[WHAT IS BEING ASKED]
Transcribe the entries exactly; images are not part of the copy.

[DATA SUPPLIED]

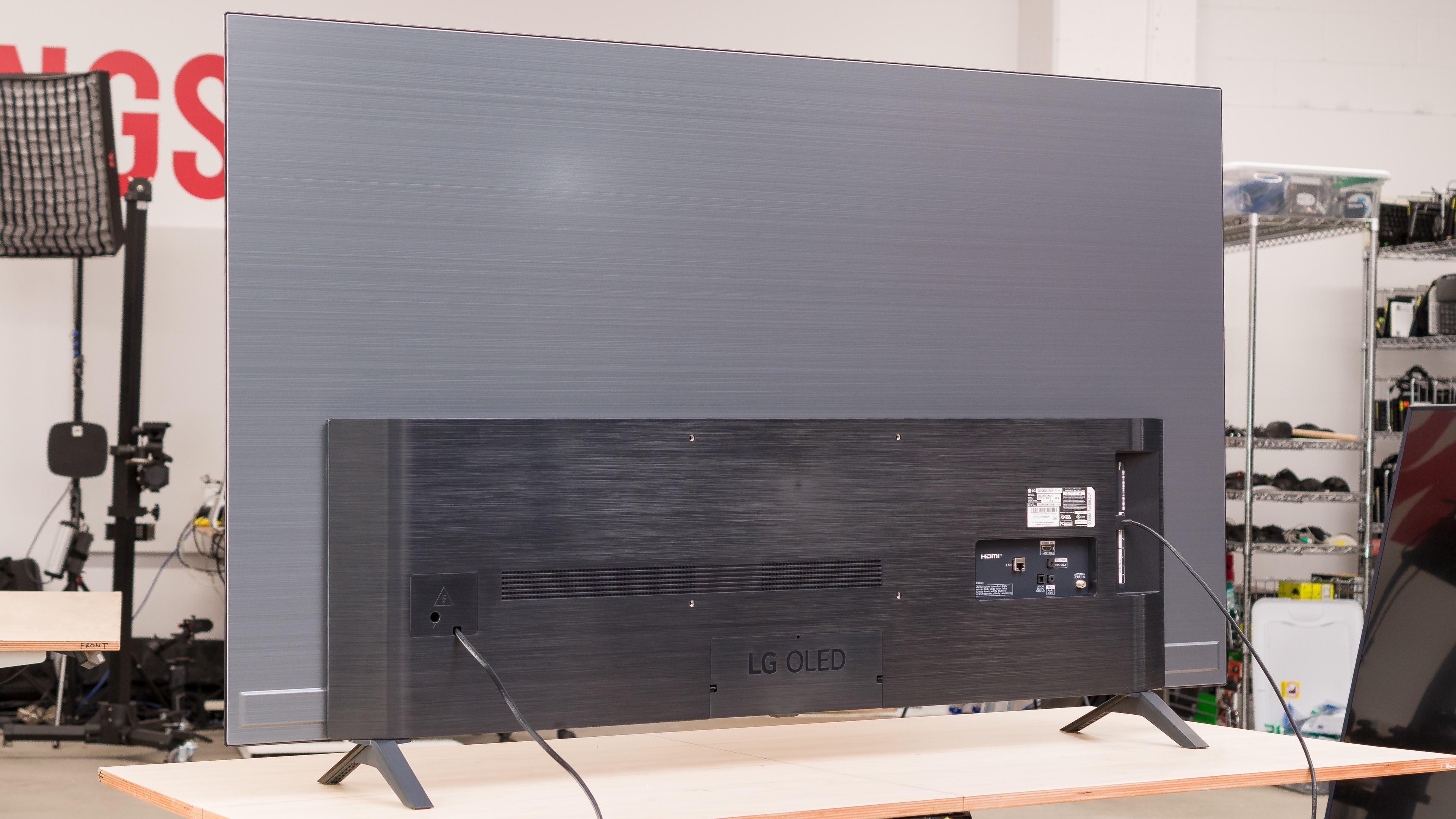 The back of the TV is plain, and unfortunately, there's no cable management. Like the LG C1 OLED, the top half is metal, but the thicker bottom portion that houses the electronics is plastic. Most of the inputs face to the side and are easy to access, but there are a few less commonly used inputs that face straight back from the TV, and these are very difficult to access, especially when the TV is wall mounted.
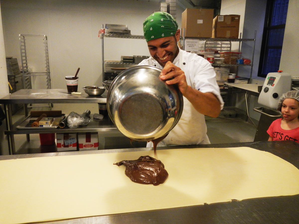 Breads Bakery is one of my favorite temples of indulgence that offers more physical sustenance than spirituality – although with chocolate these boundaries are not so clearly defined. For the solstice, Sean and I joined a tour of enthusiasts who were invited to share the specialness of ‘the back’ of the bakery. Here we found Adir, the chief pastry maker and his girlfriend Sharon, a mechanized rolling pin whose intimate time with the chef left no room for contenders. Days can start at one am, and with a record set of 530 chocolate babkas sold in one day, Sharon and Adir look to be an item for some time to come.
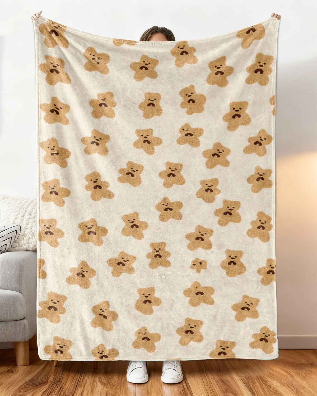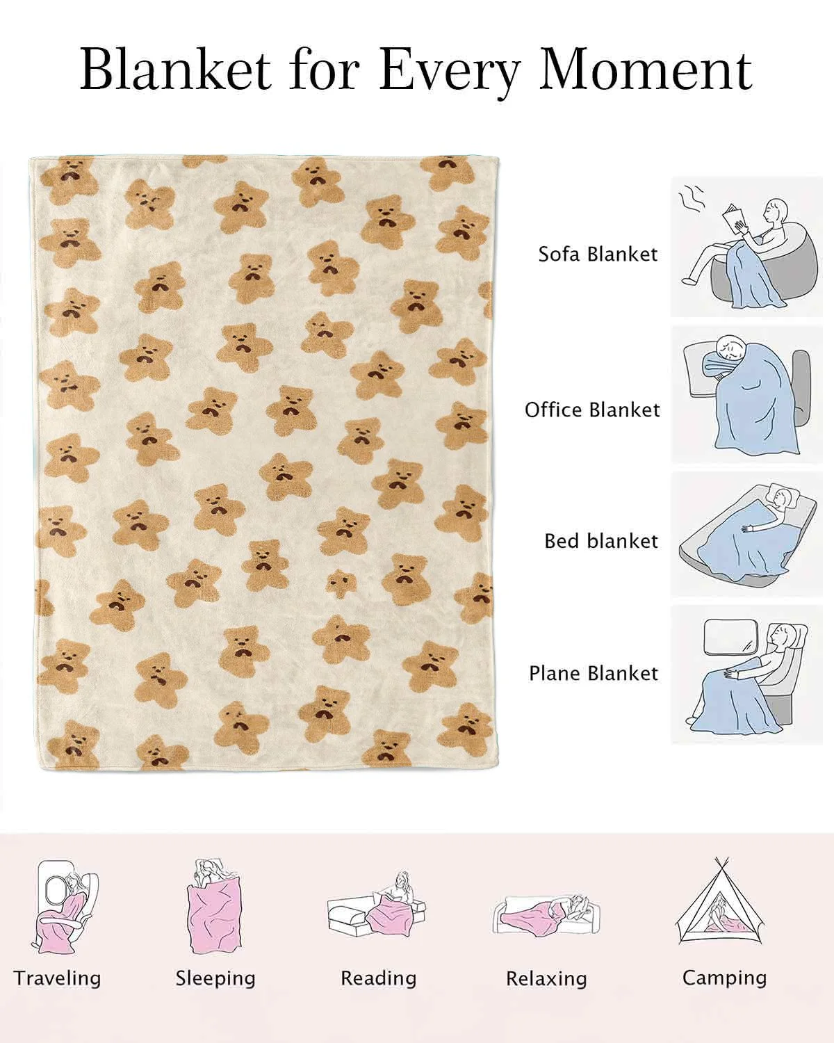 Cute Teddy Bear Love Gift Cozy Flannel Blanket-Cute Modern,Plush,Warm,Lightweight,For Couch,Bedroom Use
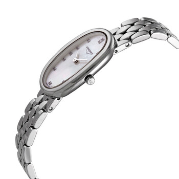 Stainless steel case with a stainless steel bracelet. Fixed stainless steel bezel. White mother of pearl dial with silver-tone hands and Wesselton vs diamond (0.037 carats) hour markers. Dial Type: Analog. Longines calibre L963 quartz movement. Scratch resistant sapphire crystal. Pull / push crown. Solid case back. Oval case shape. Case dimensions: 18.9 mm x 29.4 mm. Case thickness: 5.85 mm. Band width: 9 mm. Hidden fold over clasp. Water resistant at 30 meters / 100 feet. Functions: hour, minute. Symphonette Series. Dress watch style. Watch label: Swiss Made. Longines Symphonette Diamond White Mother of Pearl Dial Ladies Watch L2.305.4.87.6.
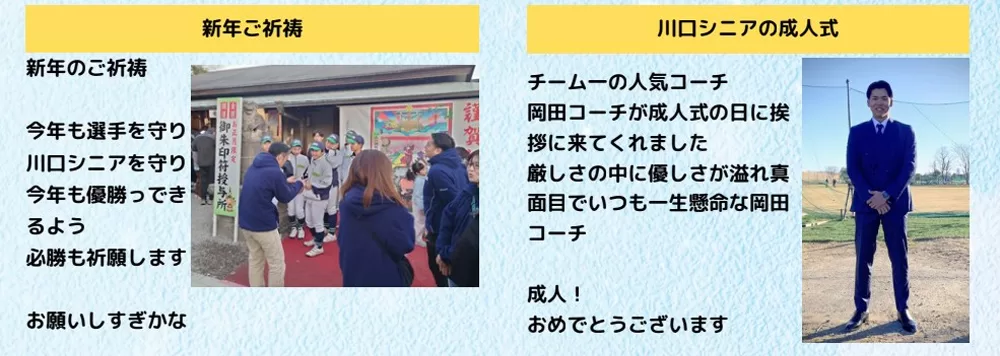 川口シニアの2026年がスタートしました。先ずはご祈祷、今年1年の安全と飛躍をお祈りしました。今年も変わらず、川口シニアらしさで1年間頑張ります。

[TASK ANSWER]
 The back of the TV is plain, and unfortunately, there's no cable management. Like the LG C1 OLED, the top half is metal, but the thicker bottom portion that houses the electronics is plastic. Most of the inputs face to the side and are easy to access, but there are a few less commonly used inputs that face straight back from the TV, and these are very difficult to access, especially when the TV is wall mounted.
 Breads Bakery is one of my favorite temples of indulgence that offers more physical sustenance than spirituality – although with chocolate these boundaries are not so clearly defined. For the solstice, Sean and I joined a tour of enthusiasts who were invited to share the specialness of ‘the back’ of the bakery. Here we found Adir, the chief pastry maker and his girlfriend Sharon, a mechanized rolling pin whose intimate time with the chef left no room for contenders. Days can start at one am, and with a record set of 530 chocolate babkas sold in one day, Sharon and Adir look to be an item for some time to come.
 Cute Teddy Bear Love Gift Cozy Flannel Blanket-Cute Modern,Plush,Warm,Lightweight,For Couch,Bedroom Use
 Stainless steel case with a stainless steel bracelet. Fixed stainless steel bezel. White mother of pearl dial with silver-tone hands and Wesselton vs diamond (0.037 carats) hour markers. Dial Type: Analog. Longines calibre L963 quartz movement. Scratch resistant sapphire crystal. Pull / push crown. Solid case back. Oval case shape. Case dimensions: 18.9 mm x 29.4 mm. Case thickness: 5.85 mm. Band width: 9 mm. Hidden fold over clasp. Water resistant at 30 meters / 100 feet. Functions: hour, minute. Symphonette Series. Dress watch style. Watch label: Swiss Made. Longines Symphonette Diamond White Mother of Pearl Dial Ladies Watch L2.305.4.87.6.
 川口シニアの2026年がスタートしました。先ずはご祈祷、今年1年の安全と飛躍をお祈りしました。今年も変わらず、川口シニアらしさで1年間頑張ります。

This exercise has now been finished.